On Wed, Feb 08, 2012 at 04:14:46PM +0100, Marek Szyprowski wrote:
<SNIP> +static int __reclaim_pages(struct zone *zone, gfp_t gfp_mask, int count) +{ + enum zone_type high_zoneidx = gfp_zone(gfp_mask); + struct zonelist *zonelist = node_zonelist(0, gfp_mask); + int did_some_progress = 0; + int order = 1; + unsigned long watermark; + + /* + * Increase level of watermarks to force kswapd do his job + * to stabilize at new watermark level. + */ + min_free_kbytes += count * PAGE_SIZE / 1024;
There is a risk of overflow here although it is incredibly small. Still, a potentially nicer way of doing this was
count << (PAGE_SHIFT - 10)
- setup_per_zone_wmarks();
Nothing prevents two or more processes updating the wmarks at the same time which is racy and unpredictable. Today it is not much of a problem but CMA makes this path hotter than it was and you may see weirdness if two processes are updating zonelists at the same time. Swap-over-NFS actually starts with a patch that serialises setup_per_zone_wmarks()
You also potentially have a BIG problem here if this happens
min_free_kbytes = 32768 Process a: min_free_kbytes += 65536 Process a: start direct reclaim echo 16374 > /proc/sys/vm/min_free_kbytes Process a: exit direct_reclaim Process a: min_free_kbytes -= 65536
min_free_kbytes now wraps negative and the machine hangs.

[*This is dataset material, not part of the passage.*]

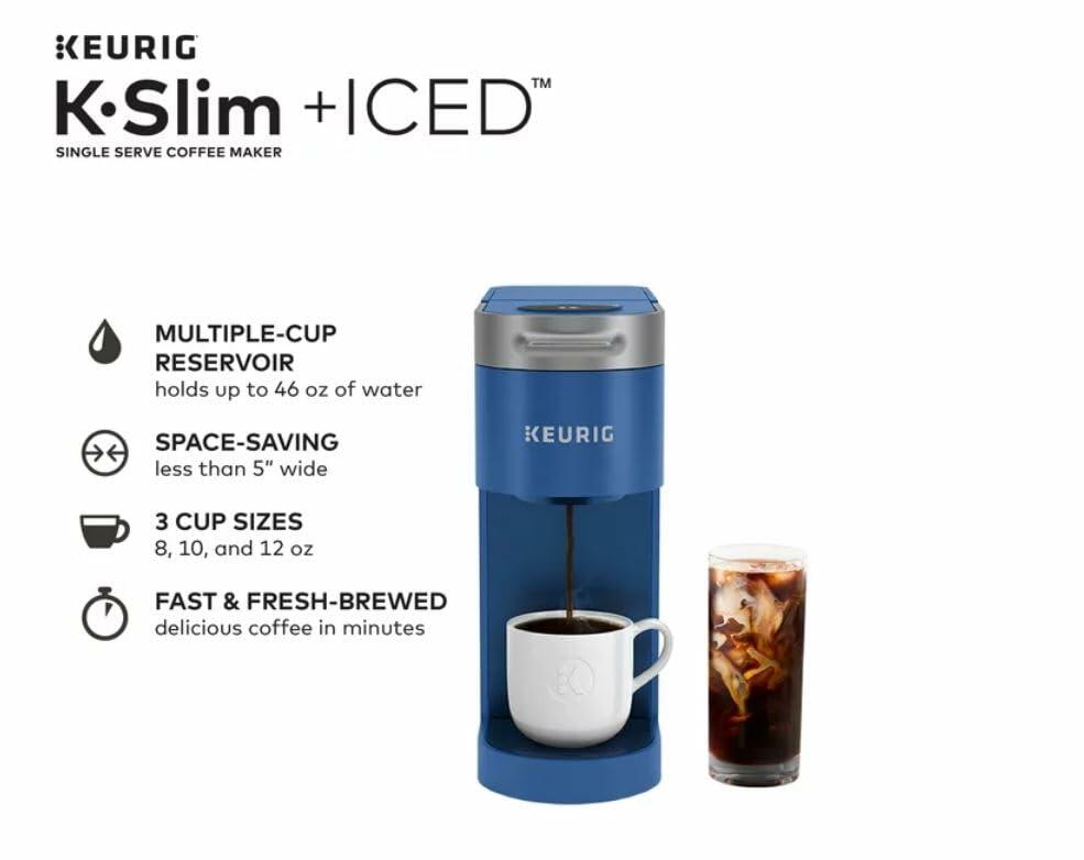 Keurig K-Slim + ICED Single Serve Coffee Maker, Brews 8 to 12oz. Cups, Blue

The damage is confined to CMA though so I am not going to lose sleep over it but you might want to consider at least preventing parallel updates to min_free_kbytes from proc.
Right. This approach was definitely too hacky. What do you think about replacing it with the following code (I assume that setup_per_zone_wmarks() serialization patch will be merged anyway so I skipped it here):
It's part of a larger series and the rest of that series is controversial. That single patch can be split out obviously so feel free to add it to your series and stick your Signed-off-by on the end of it.

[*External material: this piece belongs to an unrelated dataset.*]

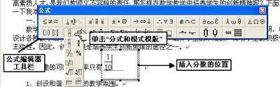 ③随后弹出“公式编辑器工具栏”。工具栏中提供了很多公式模板,输入分数时单击“工具栏”中的“分式和根式模板”,在模板下拉菜单中选择一个合适的分式模板样式。

diff --git a/include/linux/mmzone.h b/include/linux/mmzone.h index 82f4fa5..bb9ae41 100644 --- a/include/linux/mmzone.h +++ b/include/linux/mmzone.h @@ -371,6 +371,13 @@ struct zone { /* see spanned/present_pages for more description */ seqlock_t span_seqlock; #endif +#ifdef CONFIG_CMA
/*
* CMA needs to increase watermark levels during the allocation
* process to make sure that the system is not starved.
*/
unsigned long min_cma_pages;
+#endif struct free_area free_area[MAX_ORDER];
#ifndef CONFIG_SPARSEMEM diff --git a/mm/page_alloc.c b/mm/page_alloc.c index 824fb37..1ca52f0 100644 --- a/mm/page_alloc.c +++ b/mm/page_alloc.c @@ -5044,6 +5044,11 @@ void setup_per_zone_wmarks(void)

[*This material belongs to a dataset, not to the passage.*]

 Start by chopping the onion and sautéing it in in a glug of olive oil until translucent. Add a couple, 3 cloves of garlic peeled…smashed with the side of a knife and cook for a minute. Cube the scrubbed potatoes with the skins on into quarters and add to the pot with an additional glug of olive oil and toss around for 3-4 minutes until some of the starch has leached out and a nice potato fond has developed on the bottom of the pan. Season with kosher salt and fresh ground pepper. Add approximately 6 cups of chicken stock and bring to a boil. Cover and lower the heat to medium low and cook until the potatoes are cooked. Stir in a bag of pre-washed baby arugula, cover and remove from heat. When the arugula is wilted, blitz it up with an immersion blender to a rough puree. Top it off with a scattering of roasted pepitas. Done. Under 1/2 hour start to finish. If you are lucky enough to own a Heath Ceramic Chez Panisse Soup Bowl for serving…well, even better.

zone->watermark[WMARK_LOW] = min_wmark_pages(zone) + (tmp >> 2); zone->watermark[WMARK_HIGH] = min_wmark_pages(zone) + (tmp >> 1);
+#ifdef CONFIG_CMA
zone->watermark[WMARK_MIN] += zone->min_cma_pages;
zone->watermark[WMARK_LOW] += zone->min_cma_pages;
zone->watermark[WMARK_HIGH] += zone->min_cma_pages;
+#endif setup_zone_migrate_reserve(zone); spin_unlock_irqrestore(&zone->lock, flags); }
This is better in that it is not vunerable to parallel updates of min_free_kbytes. It would be slightly tidier to introduce something like cma_wmark_pages() that returns min_cma_pages if CONFIG_CMA and 0 otherwise. Use the helper to get right of this ifdef CONFIG_CMA within setup_per_zone_wmarks().
You'll still have the problem of kswapd not taking CMA pages properly into account when deciding whether to reclaim or not though.